Cloud seeding (inseminare le nuvole), ovvero il volto bifronte della tecnologia applicata al clima

Nelle attività di cloud seeding – ha sottolineato Abdulla Al Mandous, direttore generale del National center of meteorology e presidente dell’Organizzazione meteorologica mondiale (Wmo) – abbiamo iniziato ad utilizzare anche l’intelligenza artificiale, per la modellazione e la previsione delle nuvole seminabili, ottimizzando in questo modo l’efficacia delle operazioni. Stiamo inoltre testando il cloud seeding con i droni e abbiamo brevettato una nuova tecnica che usa la nanotecnologia, aumentando di ben tre volte le possibilità di precipitazioni rispetto ai materiali usati finora”. I modelli di intelligenza artificiale, in particolare le reti di apprendimento profondo, possono infatti analizzare grandi quantità di dati per fornire previsioni meteorologiche molto più accurate, soprattutto per quello che viene definito il “nowcasting”, ovvero le previsioni meteorologiche a brevissimo termine, entro poche ore, su un particolare territorio d’interesse. Indispensabili non solo per l’inseminazione delle nuvole, che hanno una vita breve e si trasformano velocemente, ma anche per individuare tempestivamente eventi estremi.

Al Centro meteorologico nazionale degli Emirati Arabi ogni giorno vengono monitorate le perturbazioni in arrivo, ed è da questo “ascolto” che parte l’inseminazione delle nuvole. Nel paese, dal 2015 viene regolarmente praticato il cloud seeding e oggi le missioni sono circa 300 all’anno. Le operazioni cominciano la mattina presto: individuate le perturbazioni adatte, quelle cumuliformi, i King Air decollano dall’aeroporto di Al Ain e lanciano all’interno della nube sostanze saline, cloruro di sodio e di potassio. E’ cosi’ che le gocce di vapore acqueo contenute nelle nuvole si appesantiscono, aumentando la possibilità di precipitazioni: secondo i dati resi noti qui, dal 10% al 25%, a seconda delle condizioni atmosferiche.

Dubbi e sostenibilità

Ma l’inseminazione delle nuvole solleva da sempre accesi dibattiti, da quando è stata sviluppata, oltre 80 anni fa: non si conoscono ancora né la reale efficacia né gli effetti sull’ambiente. Negli Emirati Arabi sono sicuri dei risultati: in realtà, la comunità scientifica è divisa. I detrattori di questa pratica sostengono infatti che siano più sostenibili, e meno dispendiose (un’operazione costa intorno agli 8000 dollari), strategie solide e affidabili di gestione delle risorse idriche. Il cloud seeding, insomma, non può essere pensato come sostituto di una azione efficace sul cambiamento climatico. Anche il presidente del World water council ad Abu Dhabi ha ricordato l’importanza di un approccio diversificato alle soluzioni idriche: quindi sì alla tecnologia, al cloud seeding, ma portato avanti insieme alle tecniche di desalinizzazione (sempre più economiche), al trasferimento dell’acqua, al riciclaggio e all’uso delle acque sotterranee.

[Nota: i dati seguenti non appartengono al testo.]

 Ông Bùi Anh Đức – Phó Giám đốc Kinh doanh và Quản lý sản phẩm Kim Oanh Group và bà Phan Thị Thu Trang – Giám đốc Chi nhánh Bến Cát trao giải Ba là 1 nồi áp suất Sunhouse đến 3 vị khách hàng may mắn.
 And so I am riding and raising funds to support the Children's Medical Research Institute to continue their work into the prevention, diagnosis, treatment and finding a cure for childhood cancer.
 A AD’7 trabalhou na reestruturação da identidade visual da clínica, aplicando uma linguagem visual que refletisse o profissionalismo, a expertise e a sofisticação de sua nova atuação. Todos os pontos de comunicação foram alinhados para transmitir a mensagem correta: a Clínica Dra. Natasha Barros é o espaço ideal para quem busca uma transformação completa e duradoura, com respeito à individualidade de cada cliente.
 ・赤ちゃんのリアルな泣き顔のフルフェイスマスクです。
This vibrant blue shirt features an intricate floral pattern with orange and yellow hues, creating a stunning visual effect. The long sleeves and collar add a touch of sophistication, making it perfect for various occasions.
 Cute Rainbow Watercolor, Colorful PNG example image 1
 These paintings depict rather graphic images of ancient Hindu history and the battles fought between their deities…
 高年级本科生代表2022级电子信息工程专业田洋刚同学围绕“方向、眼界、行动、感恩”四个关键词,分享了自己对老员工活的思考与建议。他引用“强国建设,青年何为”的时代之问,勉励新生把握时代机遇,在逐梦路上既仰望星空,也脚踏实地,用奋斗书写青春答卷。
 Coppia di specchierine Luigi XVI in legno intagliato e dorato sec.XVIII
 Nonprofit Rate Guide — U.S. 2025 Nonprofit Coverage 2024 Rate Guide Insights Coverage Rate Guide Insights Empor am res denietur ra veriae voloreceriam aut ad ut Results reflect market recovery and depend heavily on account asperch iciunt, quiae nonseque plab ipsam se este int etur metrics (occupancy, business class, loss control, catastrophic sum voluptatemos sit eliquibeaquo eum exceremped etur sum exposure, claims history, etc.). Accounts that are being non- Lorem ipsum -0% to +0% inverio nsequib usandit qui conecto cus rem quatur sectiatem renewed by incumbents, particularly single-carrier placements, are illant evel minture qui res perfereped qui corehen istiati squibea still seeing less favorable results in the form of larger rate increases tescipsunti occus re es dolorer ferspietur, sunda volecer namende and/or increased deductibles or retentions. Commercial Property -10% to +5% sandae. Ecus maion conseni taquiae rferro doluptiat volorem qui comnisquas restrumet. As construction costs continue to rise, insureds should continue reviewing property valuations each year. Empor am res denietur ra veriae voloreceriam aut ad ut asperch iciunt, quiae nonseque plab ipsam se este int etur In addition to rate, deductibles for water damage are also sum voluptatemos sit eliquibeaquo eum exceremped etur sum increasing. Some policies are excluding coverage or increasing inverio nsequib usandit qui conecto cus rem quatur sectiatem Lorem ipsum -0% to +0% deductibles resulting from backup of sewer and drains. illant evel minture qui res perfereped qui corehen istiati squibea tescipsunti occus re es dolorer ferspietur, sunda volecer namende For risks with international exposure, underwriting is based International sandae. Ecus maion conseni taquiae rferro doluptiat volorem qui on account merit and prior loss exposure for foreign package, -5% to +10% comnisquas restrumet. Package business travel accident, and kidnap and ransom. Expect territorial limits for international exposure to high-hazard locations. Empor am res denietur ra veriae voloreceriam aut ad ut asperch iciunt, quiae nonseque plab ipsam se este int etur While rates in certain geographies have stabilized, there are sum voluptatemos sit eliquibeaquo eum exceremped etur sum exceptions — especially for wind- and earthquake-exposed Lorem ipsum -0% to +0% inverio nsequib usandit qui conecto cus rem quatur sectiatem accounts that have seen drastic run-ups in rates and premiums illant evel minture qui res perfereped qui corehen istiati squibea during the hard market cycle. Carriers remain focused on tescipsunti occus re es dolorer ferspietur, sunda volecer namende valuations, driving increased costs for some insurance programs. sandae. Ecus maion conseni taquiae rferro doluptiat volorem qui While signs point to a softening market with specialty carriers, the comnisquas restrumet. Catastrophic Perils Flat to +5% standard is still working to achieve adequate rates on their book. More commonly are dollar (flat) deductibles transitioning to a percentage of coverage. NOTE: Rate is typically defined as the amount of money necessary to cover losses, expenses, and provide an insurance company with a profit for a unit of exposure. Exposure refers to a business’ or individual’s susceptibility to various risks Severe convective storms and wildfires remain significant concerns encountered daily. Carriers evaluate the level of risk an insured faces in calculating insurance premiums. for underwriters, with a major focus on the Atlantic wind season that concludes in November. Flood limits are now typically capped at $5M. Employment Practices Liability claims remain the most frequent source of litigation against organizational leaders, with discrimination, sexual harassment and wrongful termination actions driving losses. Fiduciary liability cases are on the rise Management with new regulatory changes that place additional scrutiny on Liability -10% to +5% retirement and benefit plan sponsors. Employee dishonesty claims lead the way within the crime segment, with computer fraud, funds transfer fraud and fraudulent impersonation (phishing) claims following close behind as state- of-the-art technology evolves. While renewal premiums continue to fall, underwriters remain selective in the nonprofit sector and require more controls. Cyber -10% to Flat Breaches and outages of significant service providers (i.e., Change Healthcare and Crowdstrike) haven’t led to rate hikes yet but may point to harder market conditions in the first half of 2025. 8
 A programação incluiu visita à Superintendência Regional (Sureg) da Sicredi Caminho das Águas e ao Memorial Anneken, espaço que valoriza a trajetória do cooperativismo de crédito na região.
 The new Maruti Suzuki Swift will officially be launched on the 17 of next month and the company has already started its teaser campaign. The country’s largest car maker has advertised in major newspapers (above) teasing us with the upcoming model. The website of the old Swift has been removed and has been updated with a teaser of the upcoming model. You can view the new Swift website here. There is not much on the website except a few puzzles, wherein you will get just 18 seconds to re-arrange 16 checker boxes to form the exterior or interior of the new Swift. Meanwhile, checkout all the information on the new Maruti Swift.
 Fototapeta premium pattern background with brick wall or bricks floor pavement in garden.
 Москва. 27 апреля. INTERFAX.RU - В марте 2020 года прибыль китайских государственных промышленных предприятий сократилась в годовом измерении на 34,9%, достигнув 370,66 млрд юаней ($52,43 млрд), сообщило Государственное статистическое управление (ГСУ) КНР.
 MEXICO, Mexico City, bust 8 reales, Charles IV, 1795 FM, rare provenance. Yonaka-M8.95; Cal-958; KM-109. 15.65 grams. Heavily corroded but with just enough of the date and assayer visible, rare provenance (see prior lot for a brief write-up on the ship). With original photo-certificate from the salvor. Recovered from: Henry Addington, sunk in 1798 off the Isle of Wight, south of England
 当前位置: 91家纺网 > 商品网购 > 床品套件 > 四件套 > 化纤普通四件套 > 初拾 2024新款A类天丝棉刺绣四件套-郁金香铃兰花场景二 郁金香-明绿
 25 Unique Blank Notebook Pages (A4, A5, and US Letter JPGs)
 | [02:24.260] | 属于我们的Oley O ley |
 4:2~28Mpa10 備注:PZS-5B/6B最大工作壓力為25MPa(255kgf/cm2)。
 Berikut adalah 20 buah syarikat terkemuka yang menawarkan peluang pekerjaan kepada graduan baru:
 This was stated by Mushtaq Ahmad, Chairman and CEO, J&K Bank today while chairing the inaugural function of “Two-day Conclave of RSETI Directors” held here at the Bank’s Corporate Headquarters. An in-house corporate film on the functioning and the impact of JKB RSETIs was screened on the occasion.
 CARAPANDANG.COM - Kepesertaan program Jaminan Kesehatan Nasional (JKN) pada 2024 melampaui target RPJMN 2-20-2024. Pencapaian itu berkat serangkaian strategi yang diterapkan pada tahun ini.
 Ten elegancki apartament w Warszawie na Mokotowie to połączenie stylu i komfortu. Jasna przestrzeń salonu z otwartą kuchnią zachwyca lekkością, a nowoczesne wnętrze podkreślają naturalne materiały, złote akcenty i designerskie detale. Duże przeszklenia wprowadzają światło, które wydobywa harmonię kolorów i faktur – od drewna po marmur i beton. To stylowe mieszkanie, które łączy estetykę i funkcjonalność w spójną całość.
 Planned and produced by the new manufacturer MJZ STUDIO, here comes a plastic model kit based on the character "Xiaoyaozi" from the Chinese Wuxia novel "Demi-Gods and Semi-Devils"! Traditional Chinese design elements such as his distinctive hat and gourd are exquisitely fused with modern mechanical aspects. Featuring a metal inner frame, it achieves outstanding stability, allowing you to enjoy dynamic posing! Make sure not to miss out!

Nei climi aridi occorre usare cautela – ha sottolineato invece Jan Henneberger, responsabile del gruppo di fisica sperimentale delle nubi dell’ ETH di Zurigo, -: se c’è una quantità limitata di acqua nell’aria, potrebbe non piovere più oltre il punto in cui pratichi il cloud seeding, portando quindi maggior siccità nelle aree circostanti. Se aggiungi acqua in una zona dell’atmosfera, in parole semplici, ne vai a togliere da un’altra”. Interferire nell’equilibrio delicato della meteorologia, insomma, solleva anche questioni etiche: cambiare il meteo in un paese potrebbe portare a impatti catastrofici in un altro, aprendo perfino nuovi conflitti.

Ma le precipitazioni di quanto aumentano davvero con il cloud seeding? “E’ una domanda difficile, che in molti continuano a porsi – ha risposto Henneberger-. E’ complicato quantificare, non potrai infatti mai sapere che cosa sarebbe successo senza avere inseminato le nuvole”.